Call-by-value is not a single evaluation strategy, but rather the family of evaluation strategies in which a function's argument is evaluated before being passed to the function. While many programming languages (such as Eiffel and Java) that use call-by-value evaluate function arguments left-to-right, some evaluate functions and their arguments right-to-left, and others (such as Scheme, OCaml and C) leave the order unspecified (though they generally require implementations to be consistent).

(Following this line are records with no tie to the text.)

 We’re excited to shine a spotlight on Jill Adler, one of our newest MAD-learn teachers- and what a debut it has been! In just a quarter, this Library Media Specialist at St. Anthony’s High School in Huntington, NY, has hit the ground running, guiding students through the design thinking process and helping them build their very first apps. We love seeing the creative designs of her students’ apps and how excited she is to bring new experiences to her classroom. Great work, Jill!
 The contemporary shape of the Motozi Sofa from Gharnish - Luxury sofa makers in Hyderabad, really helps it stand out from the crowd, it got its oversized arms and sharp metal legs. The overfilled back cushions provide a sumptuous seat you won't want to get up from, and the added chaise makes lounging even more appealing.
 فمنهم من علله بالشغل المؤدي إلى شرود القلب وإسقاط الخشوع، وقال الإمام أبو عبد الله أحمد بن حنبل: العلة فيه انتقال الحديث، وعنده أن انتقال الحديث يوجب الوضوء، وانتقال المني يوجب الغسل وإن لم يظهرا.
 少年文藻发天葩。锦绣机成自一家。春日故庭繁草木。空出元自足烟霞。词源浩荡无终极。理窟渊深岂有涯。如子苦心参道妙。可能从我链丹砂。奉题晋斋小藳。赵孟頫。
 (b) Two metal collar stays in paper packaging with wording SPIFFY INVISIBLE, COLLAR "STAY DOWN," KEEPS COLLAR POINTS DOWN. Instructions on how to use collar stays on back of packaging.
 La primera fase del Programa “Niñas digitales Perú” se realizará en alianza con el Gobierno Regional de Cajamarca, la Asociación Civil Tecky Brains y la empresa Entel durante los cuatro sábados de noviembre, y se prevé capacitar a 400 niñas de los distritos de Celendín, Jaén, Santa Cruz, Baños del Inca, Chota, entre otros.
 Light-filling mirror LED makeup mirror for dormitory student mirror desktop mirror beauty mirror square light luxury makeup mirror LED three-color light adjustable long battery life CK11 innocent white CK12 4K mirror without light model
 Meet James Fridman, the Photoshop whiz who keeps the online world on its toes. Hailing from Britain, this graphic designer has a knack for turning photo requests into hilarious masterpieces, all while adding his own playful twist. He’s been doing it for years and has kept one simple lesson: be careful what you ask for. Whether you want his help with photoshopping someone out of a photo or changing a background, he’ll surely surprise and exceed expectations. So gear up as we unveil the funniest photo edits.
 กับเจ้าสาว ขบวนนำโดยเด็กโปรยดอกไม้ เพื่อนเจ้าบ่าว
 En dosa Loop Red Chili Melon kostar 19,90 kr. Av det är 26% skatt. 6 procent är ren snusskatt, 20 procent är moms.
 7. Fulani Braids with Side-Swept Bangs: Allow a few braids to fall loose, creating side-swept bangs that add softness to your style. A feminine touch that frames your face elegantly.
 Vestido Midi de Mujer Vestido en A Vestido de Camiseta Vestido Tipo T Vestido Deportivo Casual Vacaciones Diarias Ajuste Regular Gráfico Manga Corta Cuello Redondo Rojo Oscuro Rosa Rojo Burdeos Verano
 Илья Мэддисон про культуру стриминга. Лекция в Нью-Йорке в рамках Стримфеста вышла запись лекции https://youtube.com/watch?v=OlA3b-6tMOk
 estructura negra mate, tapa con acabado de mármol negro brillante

In some cases, the term "call-by-value" is problematic, as the value which is passed is not the value of the variable as understood by the ordinary meaning of value, but an implementation-specific reference to the value. The description "call-by-value where the value is a reference" is common (but should not be understood as being call-by-reference); another term is call-by-sharing. Thus the behaviour of call-by-value Java or Visual Basic and call-by-value C or Pascal are significantly different: in C or Pascal, calling a function with a large structure as an argument will cause the entire structure to be copied, potentially causing serious performance degradation, and mutations to the structure are invisible to the caller. However, in Java or Visual Basic only the reference to the structure is copied, which is fast, and mutations to the structure are visible to the caller.
Call by sharing
Also known as "call by object" or "call by object-sharing" is an evaluation strategy first named by Barbara Liskov et al. for the languageCLU in 1974.[1] It is used by languages such as Python,[2] Iota, Java (for object references),[3] Ruby, Scheme, OCaml, AppleScript, and many other languages. However, the term "call by sharing" is not in common use; the terminology is inconsistent across different sources. For example, in the Java community, they say that Java is pass-by-value, whereas in the Ruby community, they say that Ruby is pass-by-reference[citation needed], even though the two languages exhibit the same semantics. Call-by-sharing implies that values in the language are based on objects rather than primitive types.
The semantics of call-by-sharing differ from call-by-reference in that assignments to function arguments within the function aren't visible to the caller (unlike by-reference semantics)[citation needed], so e.g. if a variable was passed, it is not possible to simulate an assignment on that variable in the caller's scope. However since the function has access to the same object as the caller (no copy is made), mutations to those objects, if the objects are mutable, within the function are visible to the caller, which may appear to differ from call-by-value semantics. For immutable objects, there is no real difference between call-by-sharing and call-by-value, except for the object identity.